**Aim of the exercise**.
Although pictures appear in the data, the answer should contain only the lines from its start through the line with "形は過去にリネンやナイロンコットンチノなどでもお馴染みの定番のワイドパンツです", written out exactly.

**Data**.
......

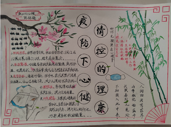 虽已春暖花开,但在疫情形势下校园长时间的封闭管理可能会带来焦虑、压抑等情绪,教工第三党支部及心理学系在配合学校疫情防控的同时,在“心理防疫”这个特殊战场上,充分运用专业优势,组织应用心理学专业学生开展了主题为“心理抗疫· 疫起同行—我为盐师出谋划策”系列活动,从多方面普及“心理防疫”知识,包括手抄报、海报制作、动画制作、PPT等,为抗击疫情贡献专业力量,让大家保持积极健康的心态。
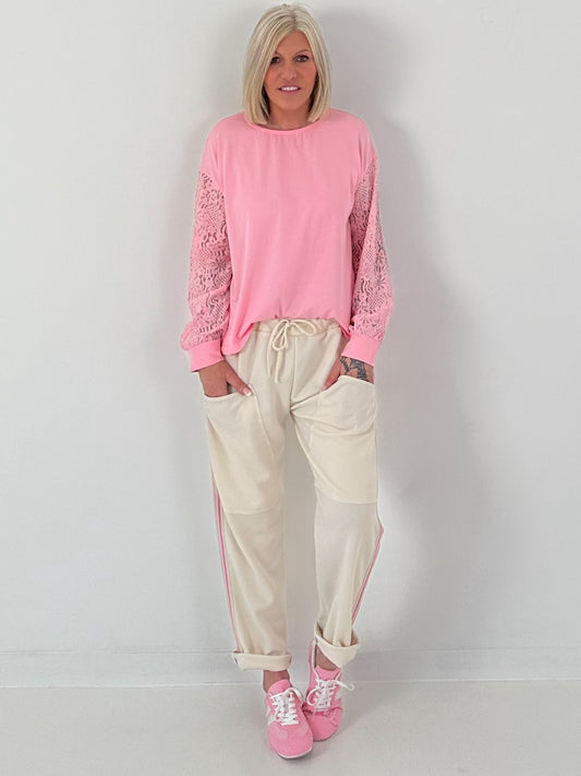 Shirt mit Spitzeneinsätzen - rosa
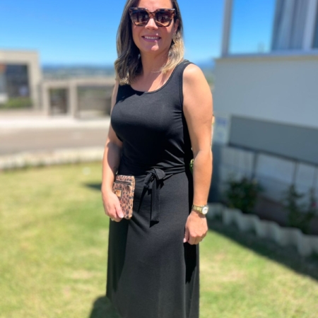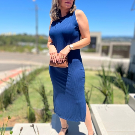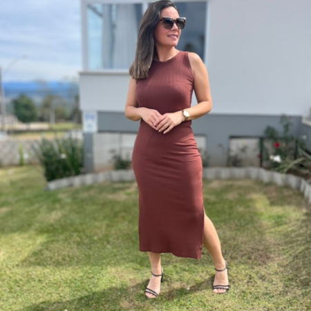 • Vestido Canelado Midi Mg 3/4 Gola Rolê
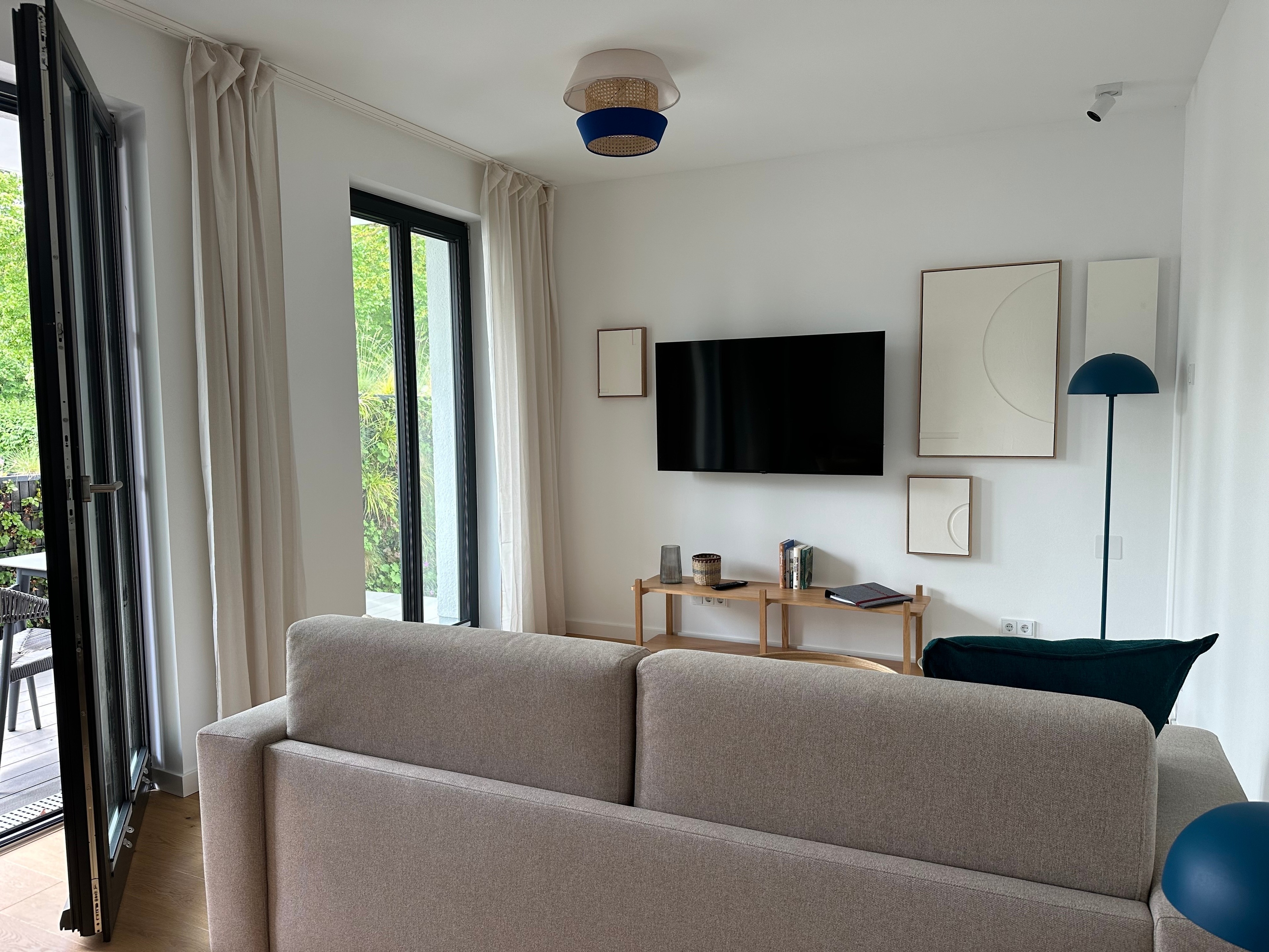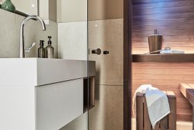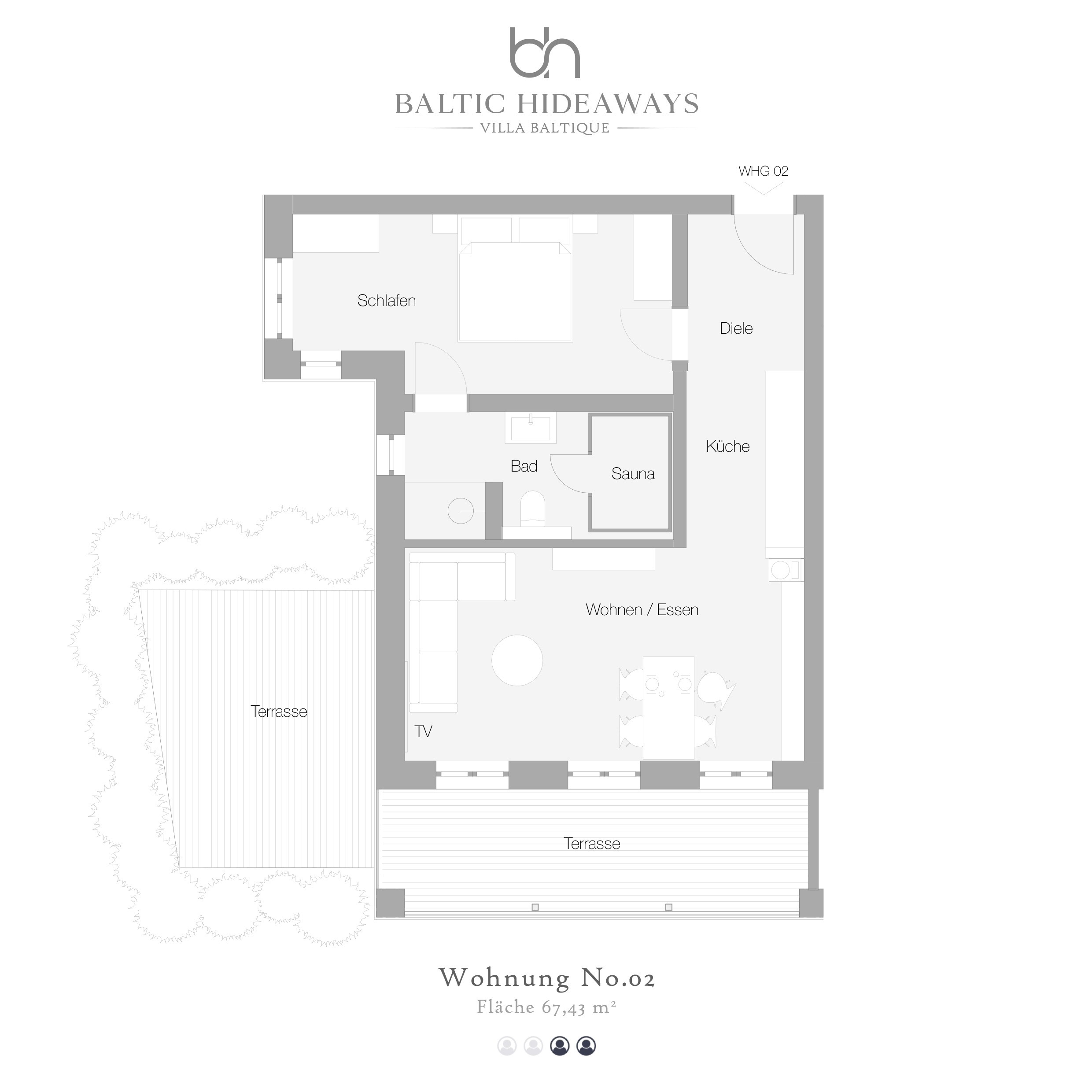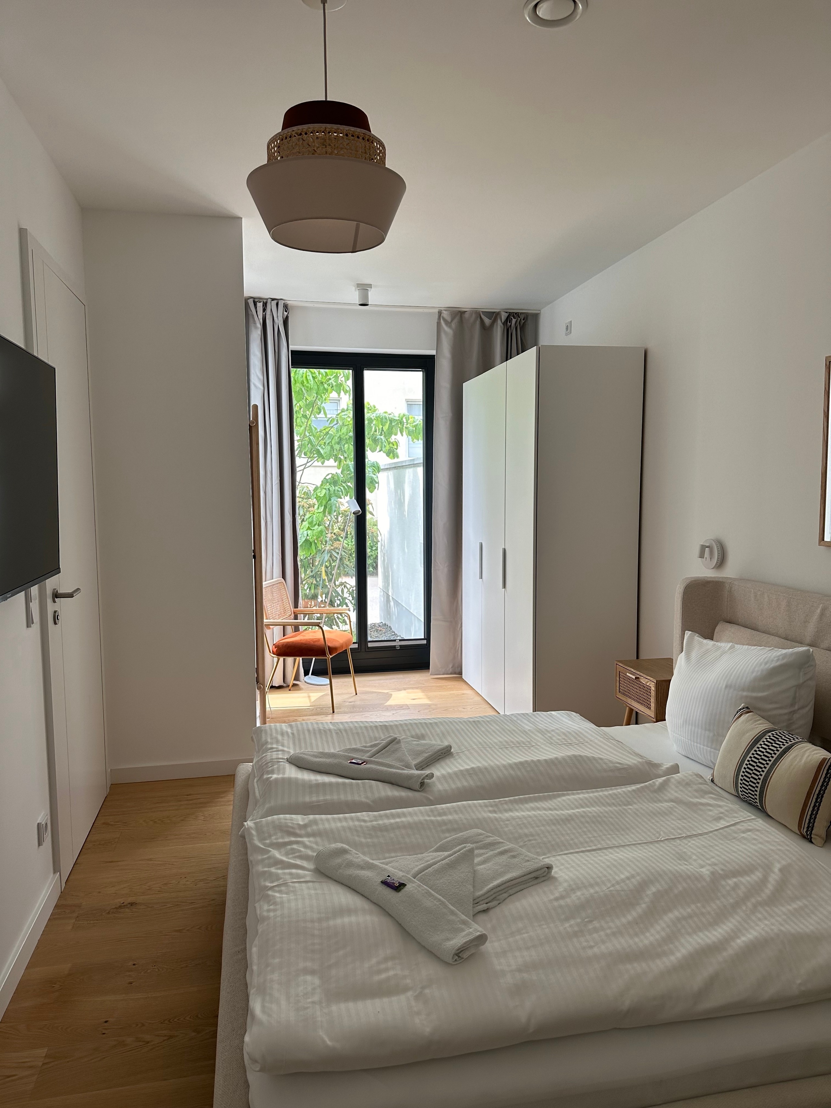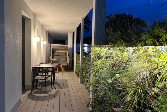 Die Garden Suite mit Terasse befindet sich im Erdgeschoss und verfügt über geräumige ca. 67 qm, über einen separaten Schlaf-/Wohnraum, eine offene Küchenzeile und ein Badezimmer mit Dusche sowie einer Sauna.
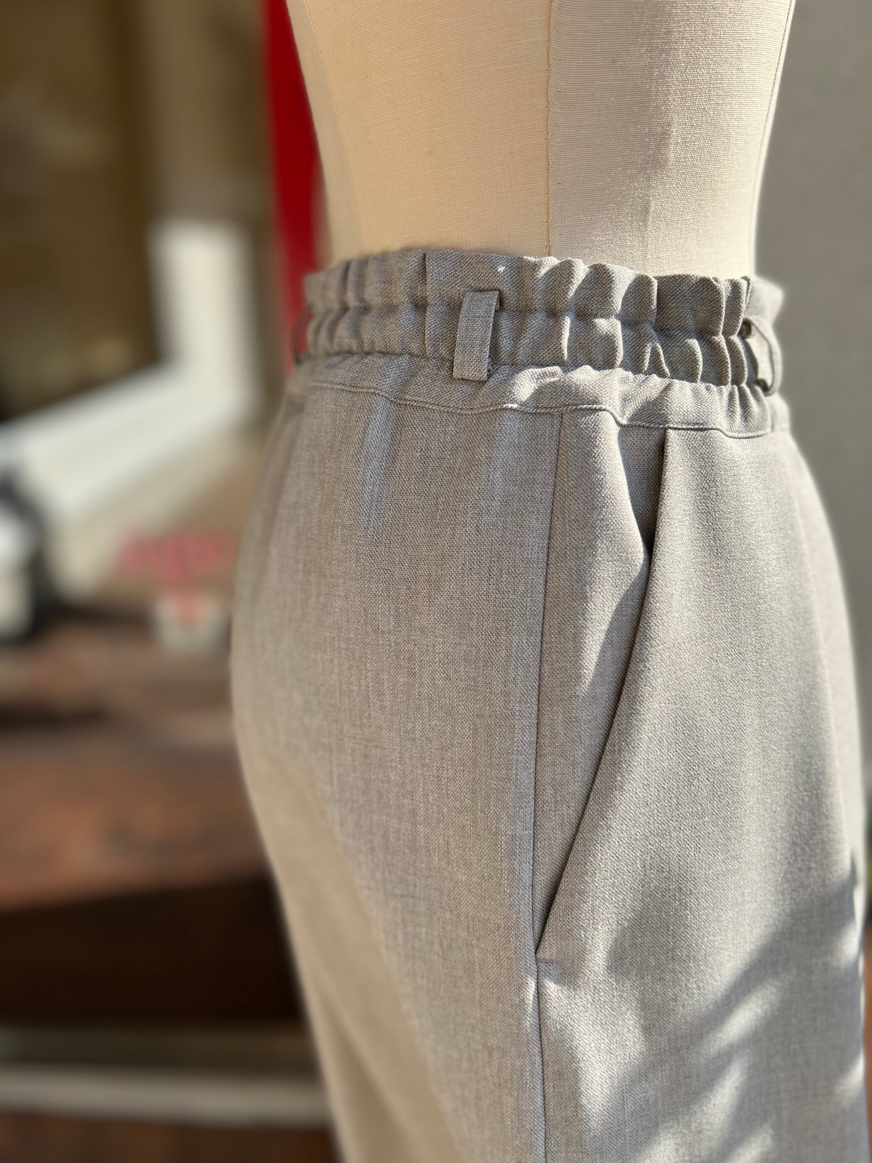 形は過去にリネンやナイロンコットンチノなどでもお馴染みの定番のワイドパンツです
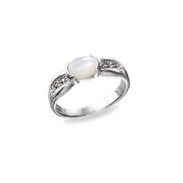 Ciekawy pierścionek z masą perłową w kolorze białym. Pierścionek ma kształt obrączki z owalnym oczkiem z masy perłowej, ciekawie osadzonym pośrodku pierścionka. Po obu stronach oczka osadzone są markazyty. Pierścionek wykonany jest ze srebra próby 925.
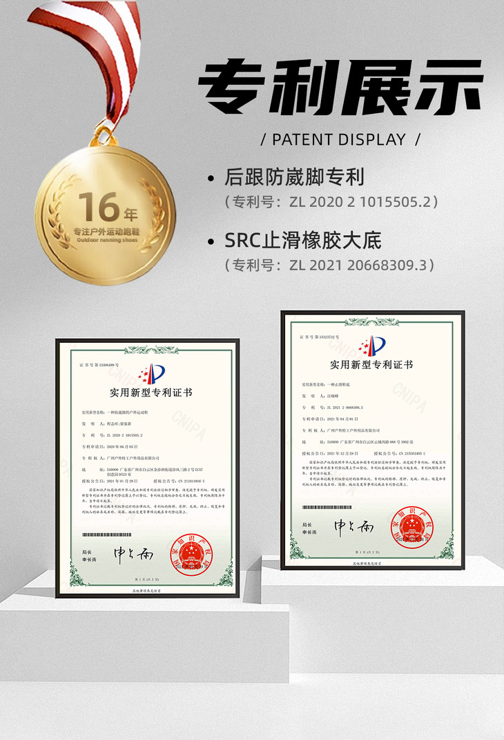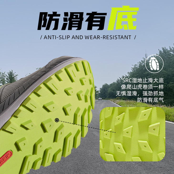 接下来是它的【防滑有底气】!国家专利级SRC湿地止滑大底,就像爬山虎的卷须一样,牢牢抓住地面,无惧湿滑路况。无论是雨后泥泞的小路,还是光滑的岩石表面,都能稳稳站住脚跟。
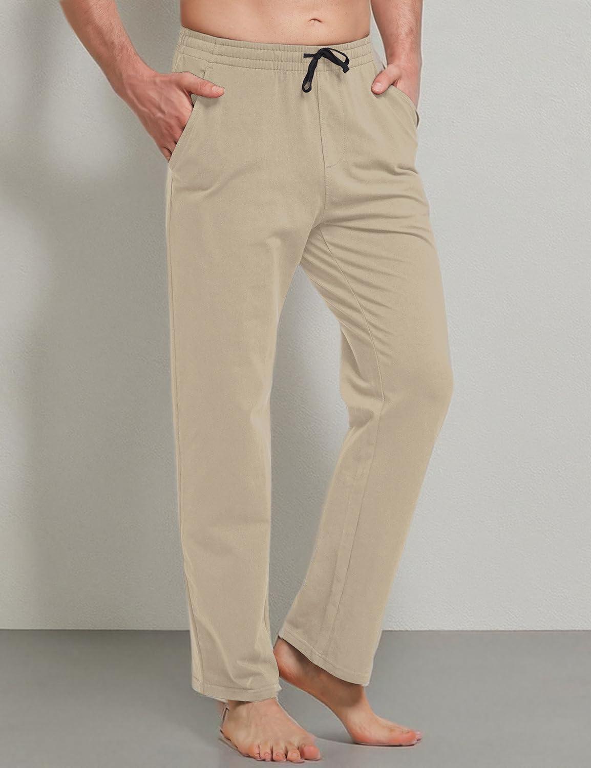 imagebaleaf Mens Sweatpants Yoga Lounge Cotton Pajama Pants Casual Open Bottom Straight Leg Stretchy Sweat Pants with PocketsAkhaki
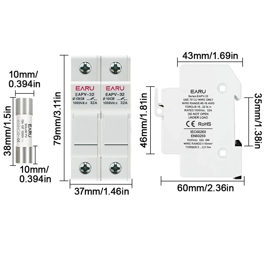 Tyto držáky pojistek vyhovují požadavkům moderních fotovoltaických systémů a umožňují snadnou a bezpečnou montáž. Díky kompatibilitě s pojistkami FV řetězců poskytují uživatelům jistotu stabilního chodu solárních instalací. Kromě své odolnosti nabízí také jednoduchou instalaci na DIN lištu, což urychluje montážní proces a zvyšuje celkovou efektivitu práce. Maximální napětí 1000 V a podpora pojistek včetně 3 A, 10 A, 15 A, 20 A, 25 A a 30 A umožňuje široké použití v různých projektech. Tento produkt je určen pouze pro držák pojistek a tvoří důležitou součást bezpečnostního vybavení fotovoltaických systémů.

......

**Answer below**.
 虽已春暖花开,但在疫情形势下校园长时间的封闭管理可能会带来焦虑、压抑等情绪,教工第三党支部及心理学系在配合学校疫情防控的同时,在“心理防疫”这个特殊战场上,充分运用专业优势,组织应用心理学专业学生开展了主题为“心理抗疫· 疫起同行—我为盐师出谋划策”系列活动,从多方面普及“心理防疫”知识,包括手抄报、海报制作、动画制作、PPT等,为抗击疫情贡献专业力量,让大家保持积极健康的心态。
 Shirt mit Spitzeneinsätzen - rosa
 • Vestido Canelado Midi Mg 3/4 Gola Rolê
 Die Garden Suite mit Terasse befindet sich im Erdgeschoss und verfügt über geräumige ca. 67 qm, über einen separaten Schlaf-/Wohnraum, eine offene Küchenzeile und ein Badezimmer mit Dusche sowie einer Sauna.
 形は過去にリネンやナイロンコットンチノなどでもお馴染みの定番のワイドパンツです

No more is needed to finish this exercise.